Proof of Concept (PoC): "Is this technically possible?"

A PoC answers a feasibility question. Can the API actually do what I think? Can this model hit the latency I need? PoCs are not for users. They're for you. Build only when there's real technical risk — most app ideas in 2026 have zero technical risk.

Prototype: "Does this feel right?"

A prototype is a clickable mockup. Figma, a design tool, even slides. It answers UX questions: do users understand the flow? Is the value clear in 5 seconds? Show it to 10 target users before writing code. Prototypes save weeks.

MVP: "Will people pay?"

An MVP is a real, working product narrow enough to test the commercial hypothesis. It should do one thing end-to-end well enough that someone hands you money. Not five things mediocre. One.

The decision tree

  • Real technical unknowns? → PoC first (1–3 days).
  • Flow or value-prop unclear? → Prototype (3–5 days).
  • Demand unproven? → 48-hour demand test, not an MVP.
  • Demand proven? → MVP, scoped to one workflow (2–3 weeks max).
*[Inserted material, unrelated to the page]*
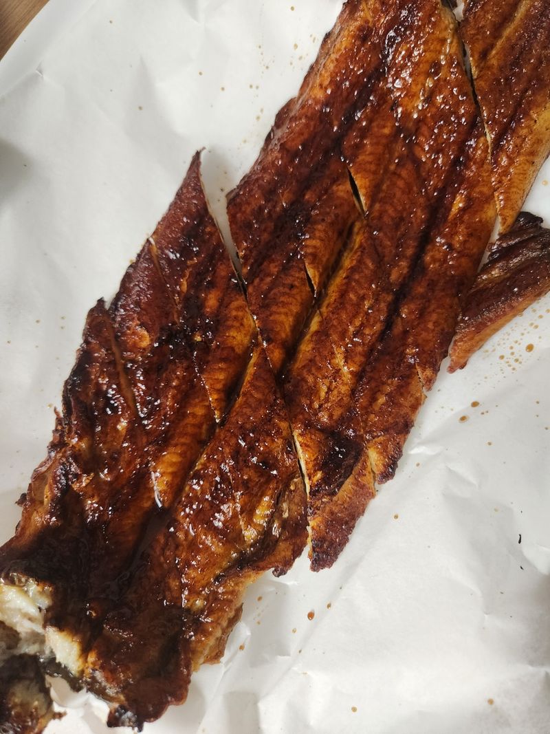 장어구이 정말 몸보신제대로 되는것 같아요. 요즘 신랑이 너무 힘이 없어 보여서 에어프라이기에 구워서 양념 발라줬네요. 와사비와 함께 먹으면 느끼하지도 않고 맛있네요.

The trap most founders fall into

They call a 12-feature, 3-month build an "MVP." It isn't. That's a product. A real MVP is embarrassingly small — see The Vibe-Coding Trap for why AI tools make this trap worse, not better.

The honest sequence

Validation → Prototype → MVP → Product. Skip steps and you'll either build the wrong thing or build it for nobody. The good news: validation and prototyping together cost a long weekend.